年末に寅さんを20分ほど見た。
事前の知識通り寅さんはきれいな女性に振られて家を出て行った。別れ際に、妹に自分を振った女性のことを「あの人は芸術家(画家)だから、生活が苦しいこともある。きちんとごはんを食べていないようだったら、何か暖かい物でも差し入れてやってくれ」と言伝していく寅さんを「いいやつだなあ」と言いながら見送った。
「いいやつ」のことを心からいいやつだと思える映画はよい。正月映画らしいたたずまい。
それにしても寅さんが着ている背広と帽子が見るからにいい背広で驚いた。量販店のスーツ屋にはこんなしっかりした生地の背広は置いていない。

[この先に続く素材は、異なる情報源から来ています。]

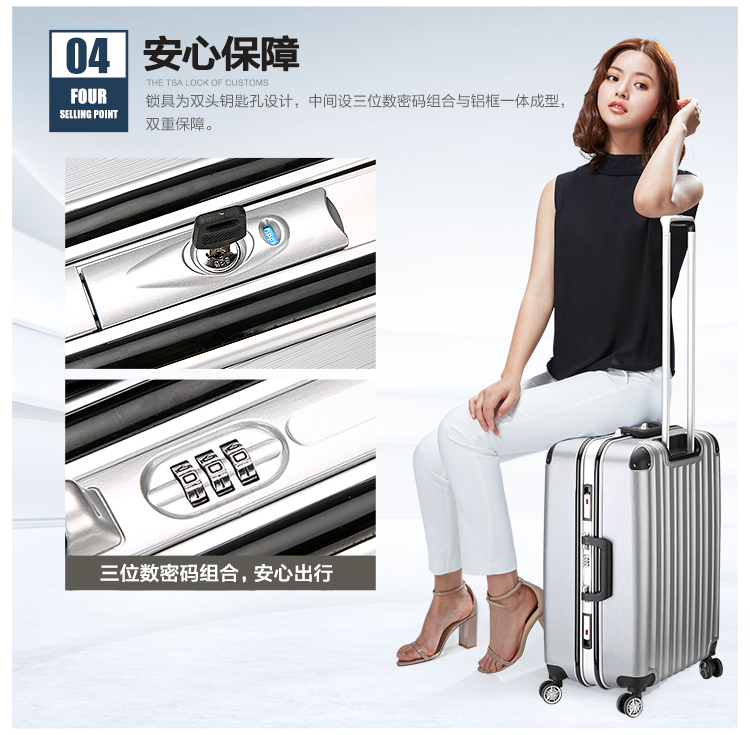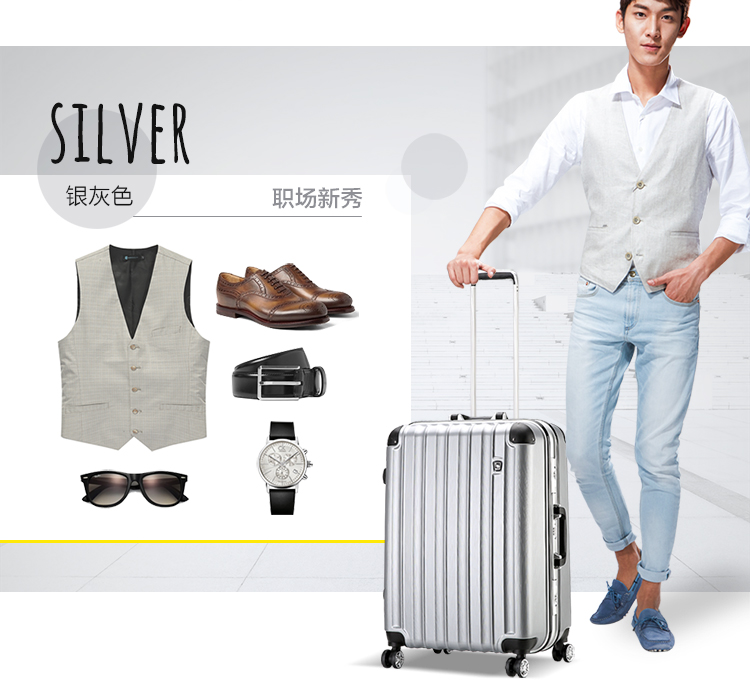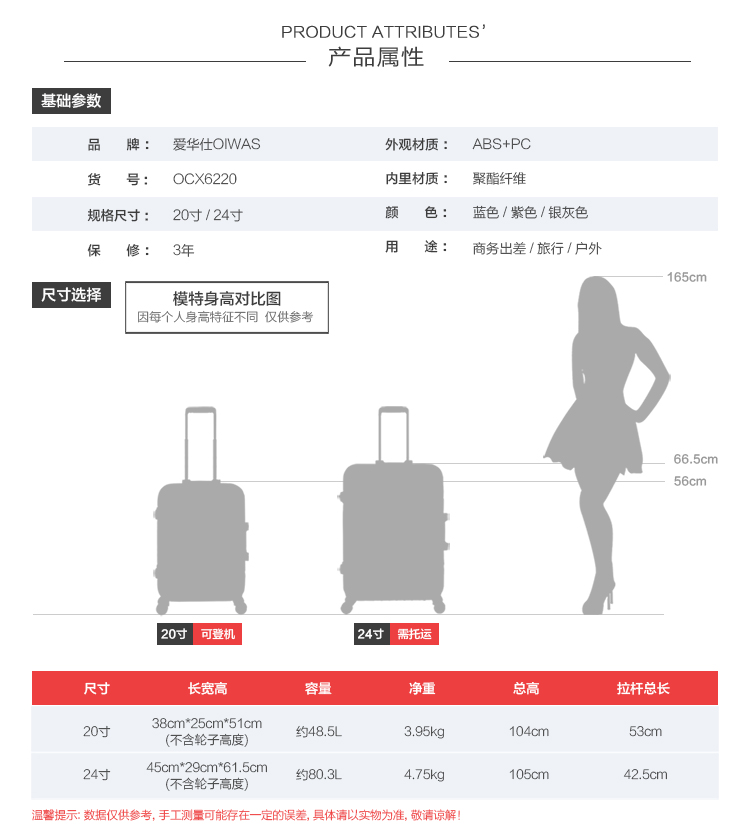 型号:OCX6220 材质:ABS+PC 尺寸:380*250*510mm(20寸) 450*290*615mm(24寸) 颜色:银灰色,紫色 吊牌价:1119元 (20寸)

言うまでもなく寅さんが特別裕福なわけではないだろう。かつて背広はオーダーメイドで、同じ服を何年も大切に着るものだったから、寅さんだって自分のためにあつらえたすてきな背広を着ているのだろう。
私たちが服とこういう風につきあうには決意が必要だ。私がオーダーメイドのスーツを買ったのは就職活動の時で、今のところそれ一回きり。
ぺらぺらの背広は便利でありがたいけど、大事にしようという気がおきないところが少し悲しい。